* [Data for review]
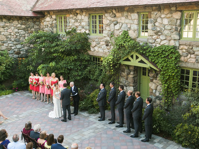 Bride and Bridesmaids arrive at ceremony site. Groom and Groomsmen are hidden.
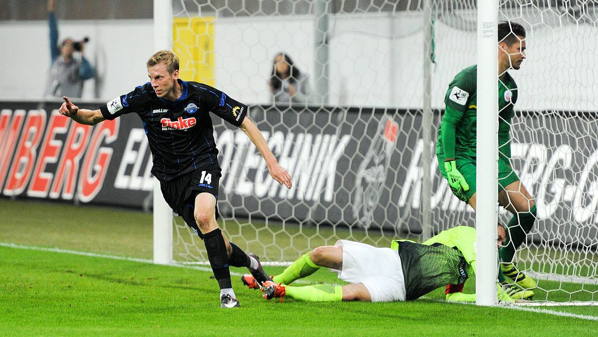 Und ausgerechnet eben jener Thomas Bertels sollte in der 38. Minute für den Paderborner 1:0-Treffer sorgen. Nach einer Wassey-Ecke köpfte SCP-Stürmer Srbeny den Ball Richtung langer Pfosten. Dort stand Bertels goldrichtig, um das Leder aus kurzer Distanz über die Linie zu stochern.
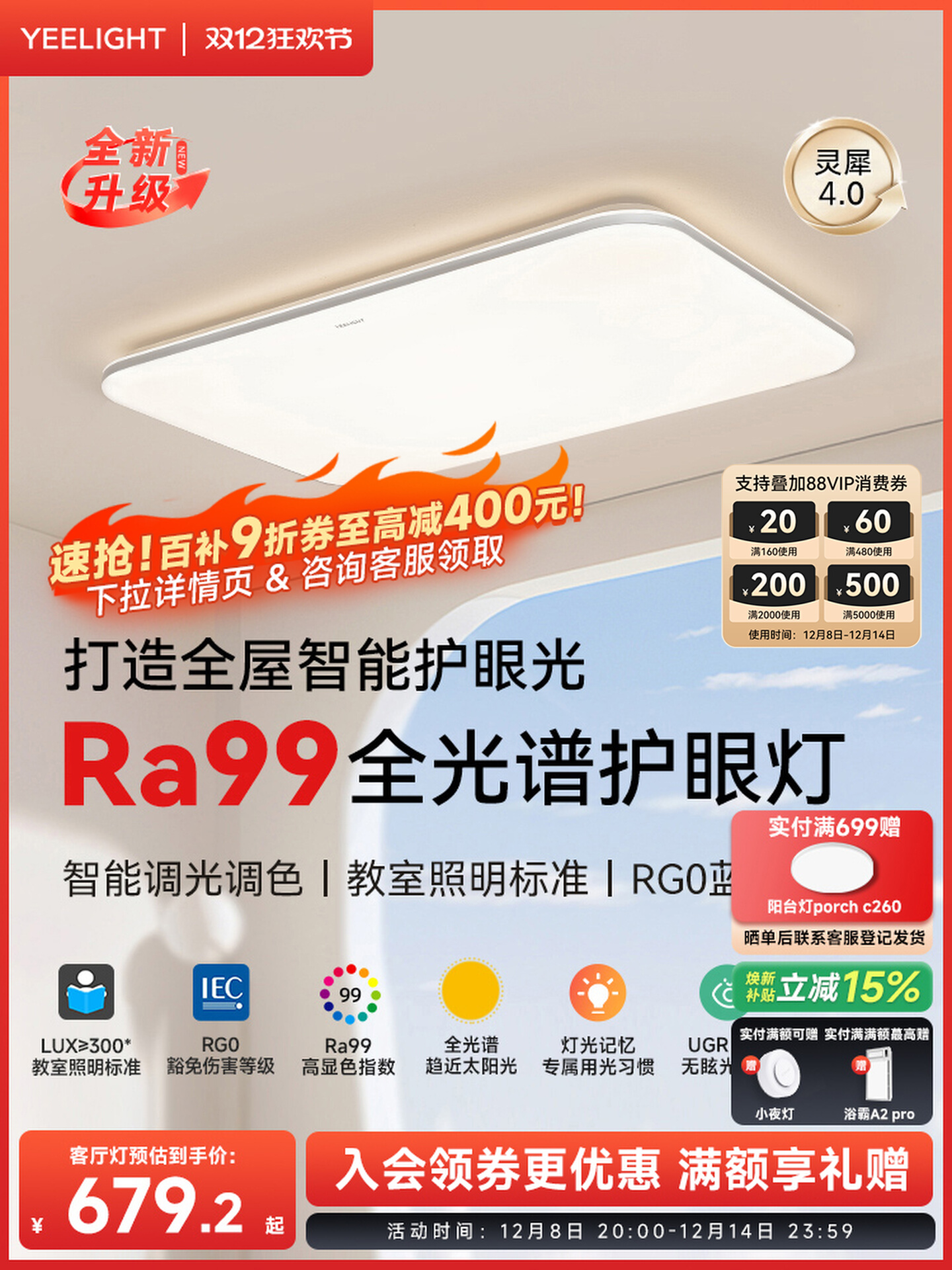 百亿补贴yeelight易来全光谱高亮吸顶灯全屋简约大气灯具智能客厅灯灵犀
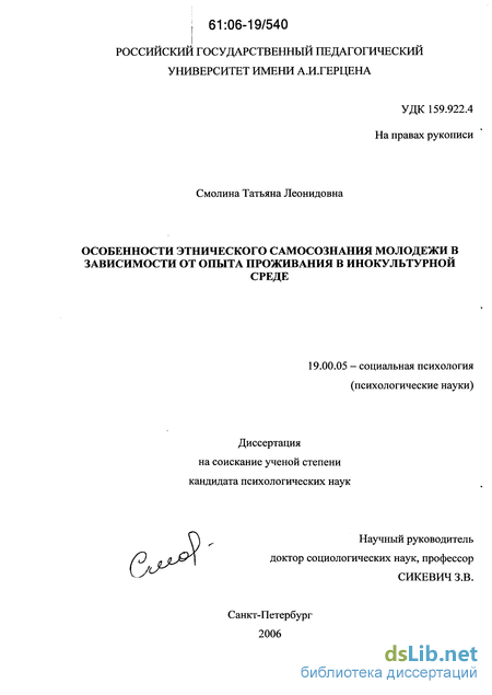 Проблема этнического самосознания, являющаяся основой данной работы, в отечественной науке отражена в исследованиях и публикациях следующих авторов: Э.Г. Александренков, 1996; Ю.В. Бромлей, 1969, 1981, 1983, 1989; Л.М. Дробижева, 1985; В.В. Ивановский, 1914; В.И. Козлов, 1967; П.И. Кушнер, 1949; В.ПЛевкович, Н.Г. Панкова, 1973, 1985; Л.Г. Почебут, 2005; B.C. Мухина, 1988; Д.Н. Овсянико-Куликовский, 1922; П. В. Румянцева, 2002; З.В. Сикевич, 1996, 1999; Г.У. Солдатова, 1998; И.А. Снежкова, 1982; В.Ю. Хотинец, 2000; СМ. Широкогоров, 1923.
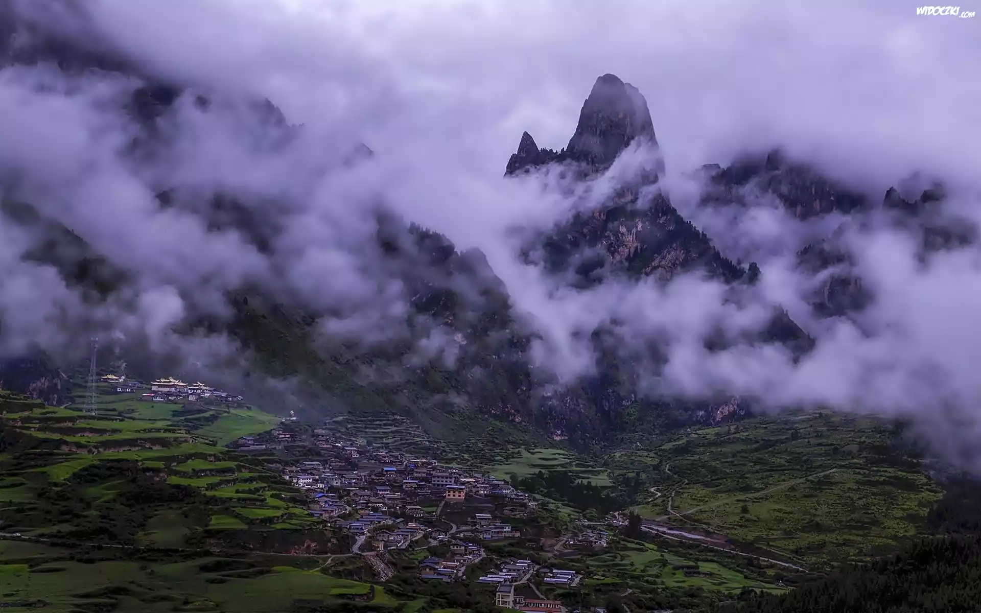 Zdjęcia, Góry, Chmury, Miasteczko, Tybet, Chiny
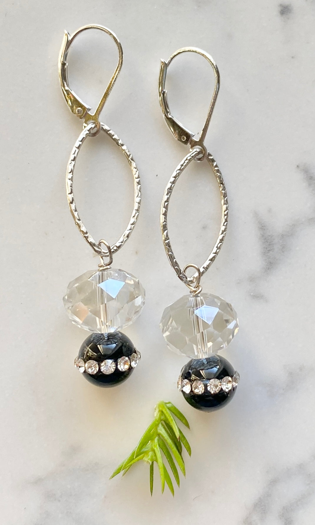 A beautiful black onyx ball has a line of crystals set into it, creating a stunning look. A sterling silver filled loop adds length and sets off the clear cut crystal beads. Lever back ear wires holds them secure.
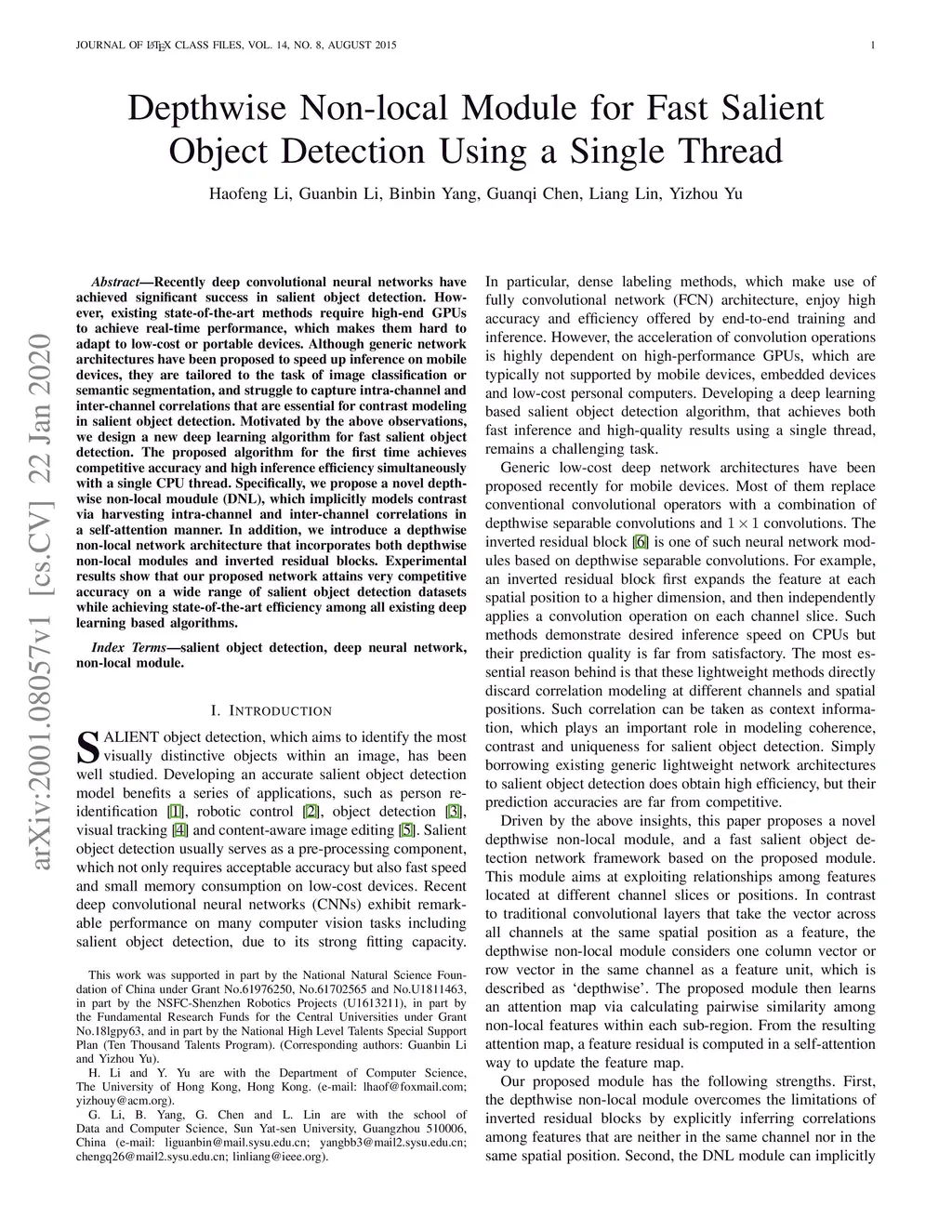 Depthwise Non-local Module for Fast Salient Object Detection Using a
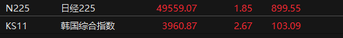 上证报中国证券网讯 11月26日,日韩股市收盘齐涨。日经225指数收涨1.85%,报49559.07点;韩国综合指数收涨2.67%,报3960.87点。
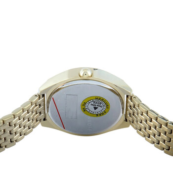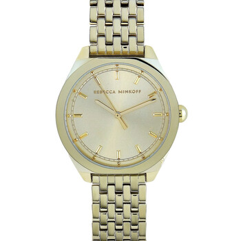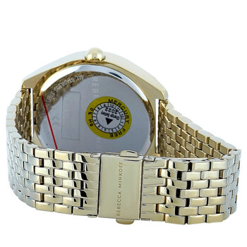 Gold-tone stainless steel case and bracelet. Fixed gold-tone bezel. Gold dial with gold-tone hands and index hour markers. Minute markers around the outer rim. Dial Type: Analog. Quartz movement. Scratch resistant mineral crystal. Pull / push crown. Solid case back. Round case shape. Case size: 38 mm. Case thickness: 7.6 mm. Band width: 17 mm. Fold over clasp with a push button release. Water resistant at 30 meters / 100 feet. Functions: hour, minute, second. Amari Series. Luxury watch style. Rebecca Minkoff Amari Quartz Gold Dial Ladies Watch 2200326.

* [What the task asks] Repeat the lines of the listing above verbatim, beginning at its first line and ending at the line containing "Depthwise Non-local Module", which is included. Omit pictures.

* [Solution to the problem]
 Bride and Bridesmaids arrive at ceremony site. Groom and Groomsmen are hidden.
 Und ausgerechnet eben jener Thomas Bertels sollte in der 38. Minute für den Paderborner 1:0-Treffer sorgen. Nach einer Wassey-Ecke köpfte SCP-Stürmer Srbeny den Ball Richtung langer Pfosten. Dort stand Bertels goldrichtig, um das Leder aus kurzer Distanz über die Linie zu stochern.
 百亿补贴yeelight易来全光谱高亮吸顶灯全屋简约大气灯具智能客厅灯灵犀
 Проблема этнического самосознания, являющаяся основой данной работы, в отечественной науке отражена в исследованиях и публикациях следующих авторов: Э.Г. Александренков, 1996; Ю.В. Бромлей, 1969, 1981, 1983, 1989; Л.М. Дробижева, 1985; В.В. Ивановский, 1914; В.И. Козлов, 1967; П.И. Кушнер, 1949; В.ПЛевкович, Н.Г. Панкова, 1973, 1985; Л.Г. Почебут, 2005; B.C. Мухина, 1988; Д.Н. Овсянико-Куликовский, 1922; П. В. Румянцева, 2002; З.В. Сикевич, 1996, 1999; Г.У. Солдатова, 1998; И.А. Снежкова, 1982; В.Ю. Хотинец, 2000; СМ. Широкогоров, 1923.
 Zdjęcia, Góry, Chmury, Miasteczko, Tybet, Chiny
 A beautiful black onyx ball has a line of crystals set into it, creating a stunning look. A sterling silver filled loop adds length and sets off the clear cut crystal beads. Lever back ear wires holds them secure.
 Depthwise Non-local Module for Fast Salient Object Detection Using a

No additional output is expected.